Regarding the personal data, the Customer or its data controllers shall have the rights and obligations of a data controller as described in the Legislation on data protection.

10.3.3. neXat shall process or transfer the personal data in accordance with the instructions as documented by the Customer, unless neXat is obliged to process or transfer personal data otherwise under the law of the European Union or of one its Member States. As the case may be, neXat shall notify the Customer thereof in advance, unless prohibited by law due to important reasons of public interest. The Contract including this Clause, comprises the whole set of instructions of the Customer vis-à-vis neXat in this regard. Each additional or any diverging instruction will be subject to a written agreement between the Parties.

10.3.4. neXat shall process the personal data in a strictly confidential manner and shall ensure that any physical person acting under its authority and having access to the personal data (i) undertakes to abide by the confidentiality or is being subject to an appropriate legal confidentiality obligation and (ii) refrains from processing personal data, except on the Customer’s instruction, unless he/she is required to process or transfer the personal data otherwise pursuant to the laws of the European Union or of one its Member States.

10.3.5. Whether it is in relation to personal data received or held by neXat, neXat shall take appropriate technical and organizational measures as agreed in the Contract in order to ensure an appropriate level of security against the risks inherent to the processing (especially the risk of accidental or unlawful destruction, loss,  alteration, disclosure, unauthorized use or access, and against each and any other unlawful form of processing),  taking into account the state of the art, the costs of implementation and the nature of the personal data and of the potential risks.

10.3.6. If neXat detects a breach of personal data affecting the personal data in the context of the performance of the Contract, it shall inform the Customer as early as possible.

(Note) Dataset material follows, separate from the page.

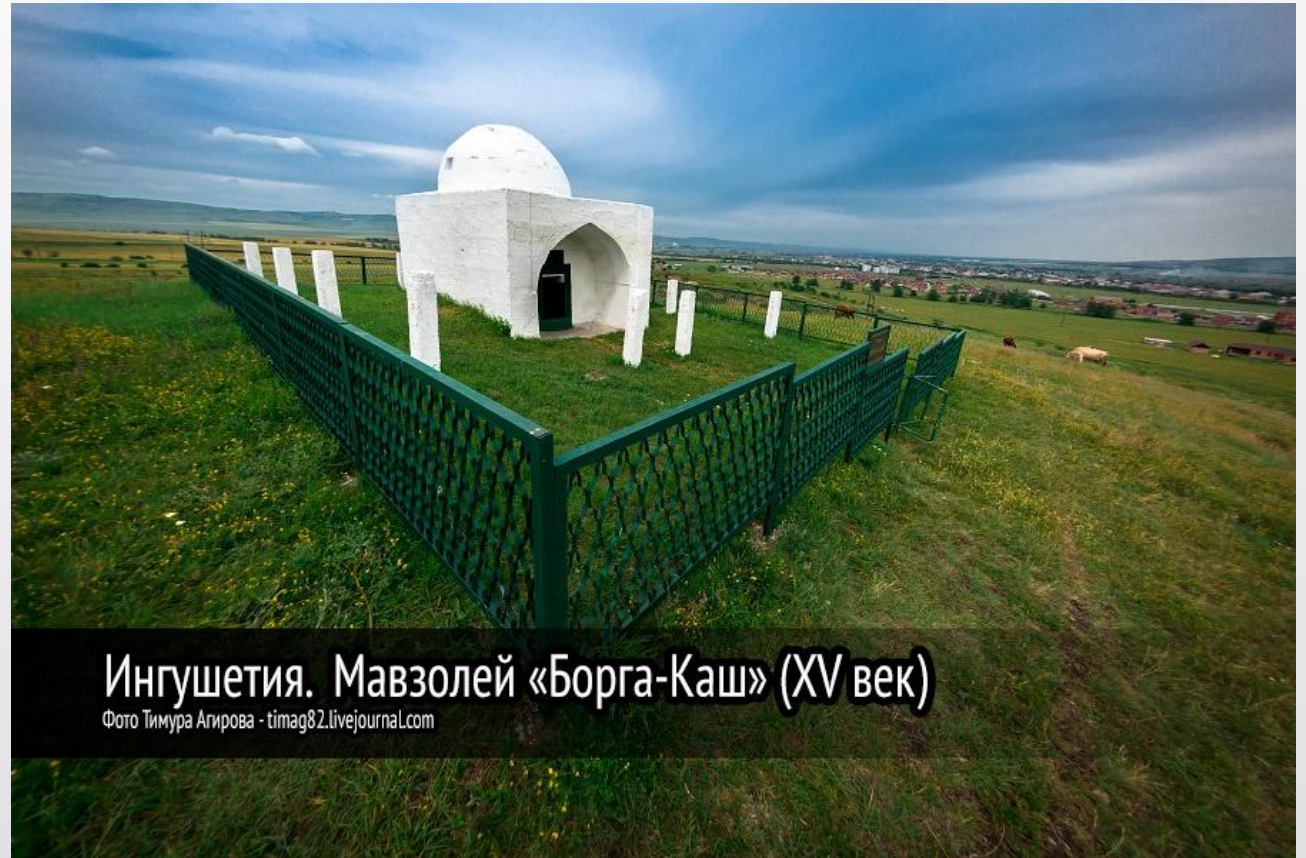
Ингушетия. Мавзолей «Борга-Каш» (XV век)

10.3.7. Hereby the Customer grants a general written authorization to neXat for hiring subcontractors for the processing of the personal data (i) to the extent necessary for the fulfilment of its contractual obligations arising under the Contract and (ii) provided that neXat remains accountable for any acts or omissions of its subcontractors in the same manner as for its own acts and omissions in connection with this Contract. As the case may be neXat shall inform the Customer of its intention to add or replace subcontractors, allowing the latter to oppose to such changes. If the Customer has a legitimate ground of objection with regard to the processing of personal data, neXat might not be able to continue to provide the Product/Service to the Customer and it will, as the case may be, be entitled to terminate this Contract. If neXat hires another subcontractor in accordance with this Clause, neXat will ensure that the obligations laid down in this Clause 10.3. are imposed on such other subcontractor through a written contract.

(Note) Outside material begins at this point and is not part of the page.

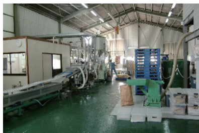
整理整頓された工場内

同社はMICで2008年9月にISO9001の認証取得をされました。「当初、『ものづくり』の会社としてはお客様に認められる良質のものを作っていただければ自然にお客様がついてきてくれると思って

10.3.8. neXat will be authorized to transfer the personal data to a country located outside the European Economic Area that has not been recognized by the European Commission as providing an adequate level of data protection, provided that neXat (i) has provided appropriate safeguards in accordance with the Legislation on protection of data or (ii) can rely on a derogation in the Legislation on data protection authorizing such a transfer. The Customer shall punctually execute the corresponding documents and shall accomplish any acts which neXat may reasonably require for the implementation of such appropriate safeguards.

10.3.9. neXat has implemented and shall maintain appropriate technical and organizational measures in order to protect personal data. During the term of this Contract the Customer may request neXat to provide within a reasonable timeframe a current description of the technical and organizational protection measures which have been implemented.

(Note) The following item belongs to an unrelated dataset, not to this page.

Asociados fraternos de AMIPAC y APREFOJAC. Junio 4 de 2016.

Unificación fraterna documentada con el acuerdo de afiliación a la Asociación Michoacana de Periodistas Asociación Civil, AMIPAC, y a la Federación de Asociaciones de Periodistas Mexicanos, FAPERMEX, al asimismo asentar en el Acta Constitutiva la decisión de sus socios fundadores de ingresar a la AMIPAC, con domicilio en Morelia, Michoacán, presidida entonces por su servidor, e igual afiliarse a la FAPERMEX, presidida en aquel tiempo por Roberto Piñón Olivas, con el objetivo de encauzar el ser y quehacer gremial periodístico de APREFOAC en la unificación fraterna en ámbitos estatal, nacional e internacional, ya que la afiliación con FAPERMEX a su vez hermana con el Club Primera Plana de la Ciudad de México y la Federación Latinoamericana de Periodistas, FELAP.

10.3.10. neXat shall to the extent possible cooperate with the Customer and help it to fulfil the latter’s obligation to respond to those data subjects who request to exercise their rights.

10.3.11. At the end of the Contract neXat shall either delete the personal data (unless the law mandates subsequent storage of the personal data), or at the request of the Customer shall return them to the latter or shall authorize the latter to conduct their extraction.

10.3.12. If under this Clause 10.3, a Customer’s request requires neXat to take additional measures other than those directly imposed neXat by the Legislation on data protection, the Customer shall reimburse to neXat all costs incurred in order to implement such measures.

10.3.13. Violation of the Legislation on data protection by neXat will be considered a default of neXat only if it has acted outside the legitimate instructions of the Customer or contrary to them.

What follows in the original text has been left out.